Here's my take on it. I'm saying this with a huge neon sign behind me that's flashing: *GENERALLY SPEAKING.*
Hybrid bikes are geared more toward short distances and comfort. Rides of 25 miles or less at leisurely speeds are their forte'. They have wider seats, larger, softer tires, and a more comfortable reach to the bars. You sit more upright on them and that's a more natural position for many people.

Road bikes are designed to cover long distances at faster speeds. Smaller tires, a more streamlined position, faster or "twitchier" handling than hybrids is the norm. The saddles are smaller & harder because if they were wide like hybrids they'd chafe the hell out of your inner thighs on long rides. The seats are harder because on longer rides seats that have foam padding will just kill you. After awhile your butt will sink the padding leaving you seated on what is probably a metal surface. The sitting surface on road seats will flex & bend to conform to your body.

It's for these reasons that new riders are often uncomfortable on road bikes. If I always used my bike to ride to the park & back or on the bike path with my wife, I'd never own a road bike. They're uncomfortable when used like that. Think about having a Ferrari as your only car. Might be fun at 1st, but I'd bet it would be pretty uncomfortable if you had to use it for running errands to the library or the grocery store. 

Comfort is a subjective judgment. There are road bikes slanted to wards touring, carrying loads, etc. And some bikes are almost strictly race bikes and, of course, some are made for sport and general use. For riding around 10-15 miles or less at a leisurely pace the hybrid is probably your best choice. Long distances or 25+ miles you're probably better off with some kind of road bike. I hope this answers some of your questions.


----------



## Optimus (Jun 18, 2010)

Got some good advice here, so let me put in my 2 cents. This worked for me, so it's my opinion, maybe not work for you and/or others. Anyhow, many say a hybrid is not comfortable on longer rides, I find that to be not true. I've used my hybrid on much longer rides, 60-70 miles multiple times, and I find it extremely comfortable! I know that it may not give you the optimal speed, but as for comfort, it's quite relaxing!


----------



## AndrwSwitch (May 28, 2009)

I think unless you add some restrictive caveats to a definition of "road bike," they can be as comfortable as hybrids for short rides too. For the sake of having a definition that's at least usable, I'm going to say that I think a road bike has drop bars and no suspension, and it's not a recumbent, semi-recumbent, or crank-forward design.

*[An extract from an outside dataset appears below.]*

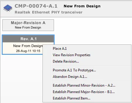 New From Design状態にあり、デフォルトのStructured Lifecycle With Approvalsライフサイクル定義に従って 2 つのコマンド(Set Ready for Prototype ApprovalとAbandon Design)が表示されます。 - Establish Planned Revision – 3-level revision naming scheme (例えば、

There are plenty of rigid, drop-bar bikes with the handlebars well above the saddle. You can put them wherever you want. And you can use any saddle you want. Which saddle I would use and where I would put my handlebars are certainly more conducive to more athletic riding than a cruise around the block or around the lake near me that runners and stroller-mommies use, so, for me, it's less comfortable to ride my road bike that way than it might be to ride my roommate's cruiser. But if I wanted a cruisier feel, I could put the handlebars higher, get a wider saddle, etc. It would murder my back if I tried to ride hard, though...

I think that part of making a road bike comfortable is being realistic about how you ride it, how you want to ride it, what your power output is, and how you're built. I'm with PJ on the pain issue - the bike doesn't fit right. It might fit you if you were in better shape, but you can always lower the bars later if you want to. Fit it to the rider you are today.

The Late, Great Sheldon Brown, who owned his preference for a more leisurely style of riding, btw, has great articles on his site, including this one.

http://www.sheldonbrown.com/pain.html


----------



## kykr13 (Apr 12, 2008)

Mr. Versatile said:


> Here's my take on it.


Very well put, Mr. V. :thumbsup: 

Core strength (back, etc) is very important, and it will take time to get used to riding this way. Once this happens and you're on a road bike that has properly fitted to you, it's a world of difference.


----------



## BostonG (Apr 13, 2010)

Thanks Y'all.


----------